The Bell Ringer: Emily Hanford said she’s worried about this happening right now in reading. States and districts have said, we have to ban 3-cueing, the evidence-based curriculum is the thing that needs fixing. But without the teachers understanding the science, it's not going to work right exactly, because kids are not copy/paste versions of each other.
Neily Boyd: You still have to have the right knowledge of how to adapt. There is no version of teaching where it follows exactly the same process every single time. The more hands-off a teacher becomes, the more expertise it requires. I've never said that out loud before, but I think it’s really important to note. There's an inverse relationship between how teacher-directed the math lesson is, and how much teacher expertise you need to have.
The Bell Ringer: Just talked with a parent the other day who had moved her kids to a different school, and she was just so relieved they were showing them how to do math problems. According to this mom, what her kids were doing before in some classes was watching a video and then doing a worksheet. So that's not inquiry teaching, and that's not direct instruction—that's actually not anything, there's no teaching.
Neily Boyd: So when several charter schools started doing this guided inquiry method of math instruction—not only Brooke, but Achievement First, DSST in Denver was doing something similar—people like me at other charter schools took notice, because it was working. But you can watch how, over the progression of a decade and as its spread to schools without robust teaching coaching structures, it has often become such a watered-down, ineffective version of inquiry.
Teachers have to have enough judgment to translate the curriculum for themselves, depending on their students. And sometimes what happens is they might say, to be honest, ‘I don't know how to teach this, so I'm going to put this video on and kids will watch this,’ like the classroom you referenced.
This is a thing I genuinely struggle with all the time. I'm not sure that a first-year teacher should even be attempting inquiry teaching like this if they don’t have an instructional coach working with them on it daily. I don’t know how to balance what I have come to believe over the years is the right way to teach math with how teacher skill-set dependent it is. At what point does it stop being the right way to teach kids?
The Bell Ringer: So this leads (as it often does) back to how teachers get trained. Shouldn't they be doing more of this kind of work in education school?
Neily Boyd: Every teacher who teaches math should leave their teacher training program being able to say, in the grade I’m teaching, I teach the concept this way—even if that’s not a super-efficient way to solve this problem, but it’s essential to understand because in two years, they’ll have to do it in a more efficient way, and if they don’t understand it this less-efficient way now, they won’t understand it the other way later on.
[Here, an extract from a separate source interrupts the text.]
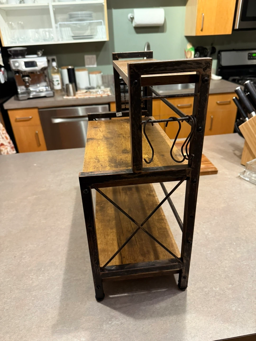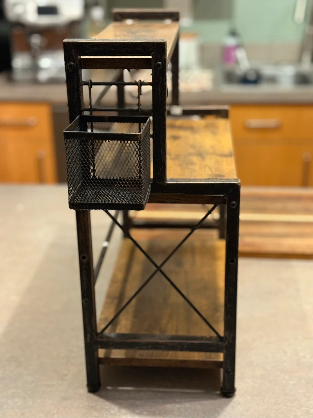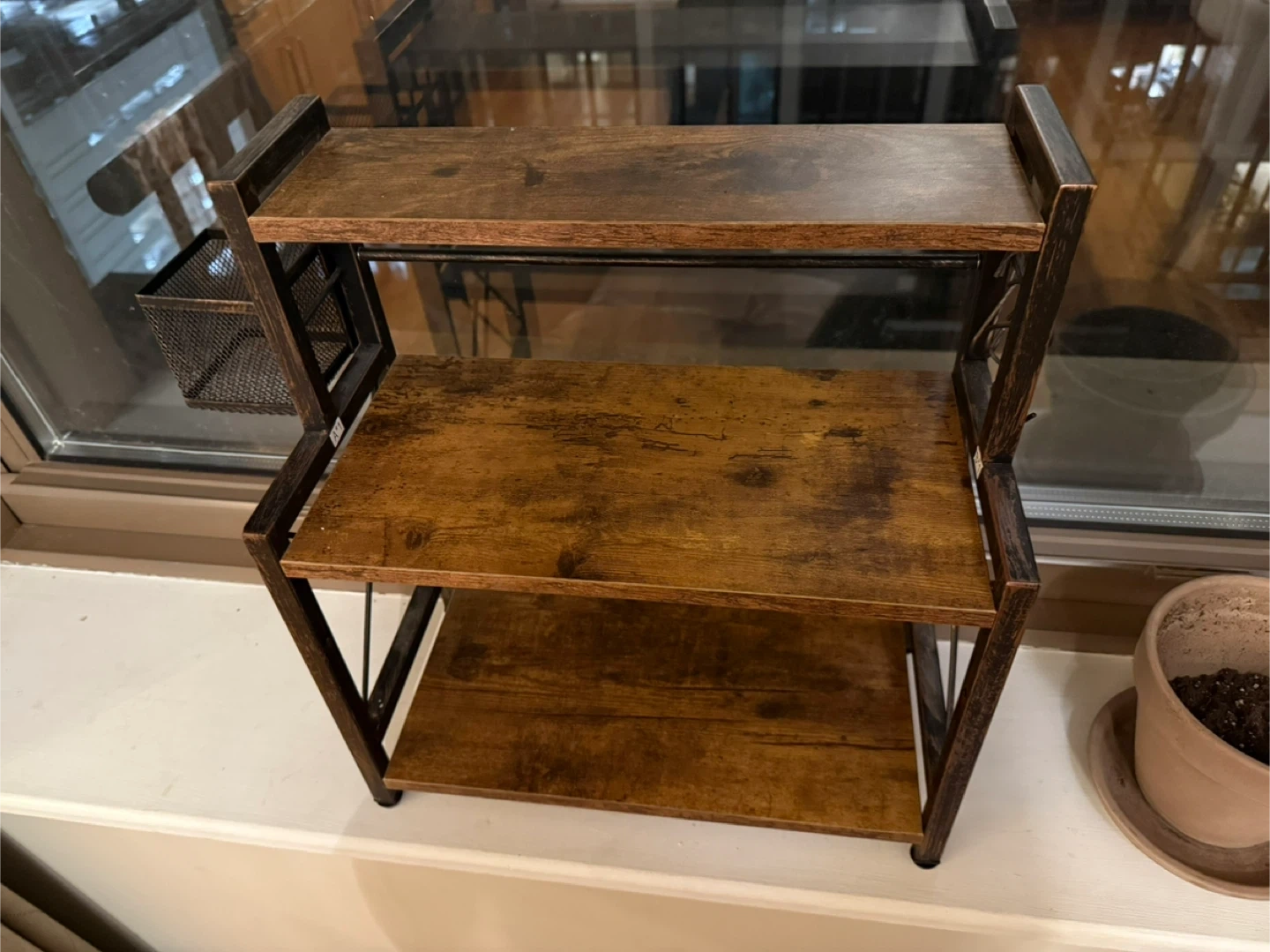 118Rustic brown table top shelf - perfect for storing small plants, coffee and tea, or books and office supplies. It is in good condition with no dents, scratches, or chips in the finish!

I have to believe that's not happening in teacher ed programs, because this isn’t how most math teachers talk about their curriculum. It’s essential for teachers to understand that while the strategy they teach in their grade level might be objectively inefficient, it’s been intentionally put in their grade level to build conceptual understanding for when students learn a standard algorithm in future years so that students will have this greater understanding of the pattern of the numbers. When teachers are able to talk about math this way, it’s typically something they’ve been trained on by a coach in their school or knowledge they’ve gained through resources they’ve acquired on their own.
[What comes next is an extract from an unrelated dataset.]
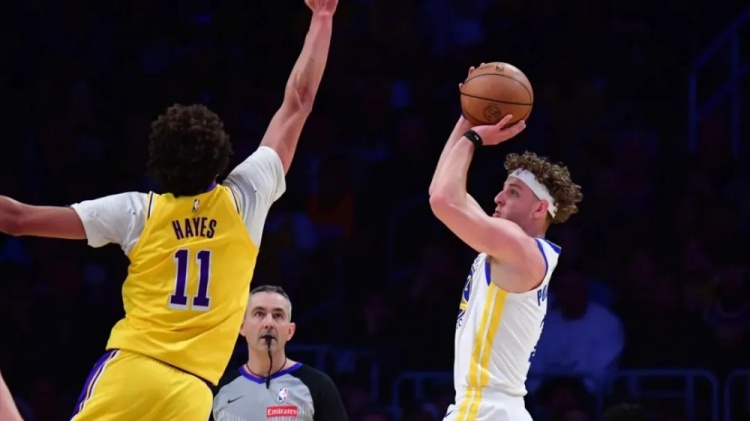 湖人当然紧贴库里,持续合围,但对波杰没那么在意。波杰于是开火。第一节前半海耶斯在,波杰远射咬住分差;后半段,库明加来冲湖人无中锋内线。

Often teachers only see the little slice of math they’re teaching and they aren’t always getting training on the math concept of progressions, how concepts build from year to year.
The Bell Ringer: What happens in reality is more like: You were a reading teacher last year? Oh, sorry, you teach math this year. When would some teachers even get time to build expertise on anything this complex?
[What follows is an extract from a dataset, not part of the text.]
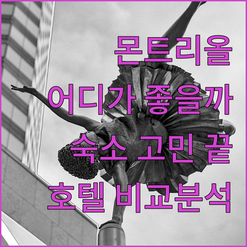 몬트리올 여행, 숙소 고민 해결! 몬트리올은 다양한 매력을 지닌 도시이기에 숙소 위치 선정이 중요합니다. 올드 몬트리올의 낭만, 편리한 교통을 원하신다면 다운타운 호텔을, 조용하고 여유로운 분위기를 선호하신다면 외곽의 부티크 호텔을 추천합니다.

Neily Boyd: Yes–and there are other things that happen. Like ideally a teacher who's taught 7th grade and then moves down to 5th grade might say, ‘Oh, I now see what’s going wrong, because in 7th grade they needed this.’ But the opposite happens without training. Without support, what that teacher might say is, ‘In 7th grade, they didn't know how to do this thing I needed them to do, so I'm going to teach them the trick faster in 5th grade.’ Instead of seeing why 5th graders have to draw pictures of fraction models over and over again—which is so they can do the algorithm in 6th grade, and by 7th grade it all makes sense—they’re skipping over important pieces. It becomes this messy, messy hodgepodge.
I feel terrible for teachers in all of this. Teachers and students are both caught in this whiplash of ‘Do this curriculum, teach it this way,’ but nobody's actually giving them solid training or solid information.
And then teachers will open the curriculum—the number of times I hear teachers say, ‘This is not right for my kids, my kids aren't ready for this’ is a lot. Their instinct is: I have this lesson I'm supposed to put in front of them, but they're not ready for it. And then we train teachers out of that instinct, right? By saying, just follow the scripting.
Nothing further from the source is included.